§ Data excerpt

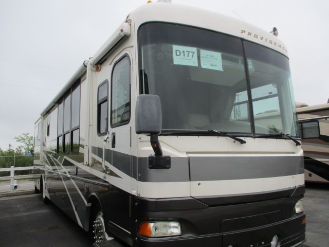 This 2003 Providence By Fleetwood has a 330hp Cat Engine On a Freightliner Chassis, Air Bag Suspension, Exhaust Brake, 2 Slide-outs, Onan Diesel Generator, 2 Ducted Roof A/Cs, Levelers, 4 Door Refrigerator, In-Fridge Ice Maker, Main & Slide Awnings, Backup Camera, CD Radio, Inverter, Satellite Dish, 2 TVs, Outside Shower, Convection Microwave, 3 Burner Range. Enjoy the comforts of home away from home. Let's go RVing!
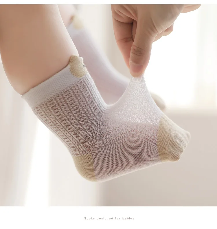 3/5 Pairs Baby Anti-Slip Socks Cartoon Newborn Socks Mesh Thin Children’S Socks Comfort Wear Non-Slip Baby Socks
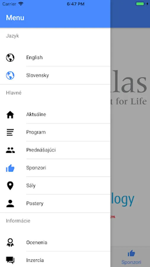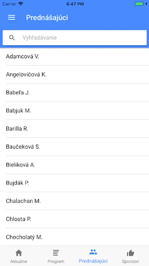 The application also includes a list of speakers in which it is possible to search, a list of sponsors as well as a list of abstracts and posters that will be released at the congress.

§ What you should do
Extract, word for word, every line from the one containing "3/5 Pairs Baby" to the end of the data above, both ends included, and leave out the pictures.

§ Your solution
 3/5 Pairs Baby Anti-Slip Socks Cartoon Newborn Socks Mesh Thin Children’S Socks Comfort Wear Non-Slip Baby Socks
 The application also includes a list of speakers in which it is possible to search, a list of sponsors as well as a list of abstracts and posters that will be released at the congress.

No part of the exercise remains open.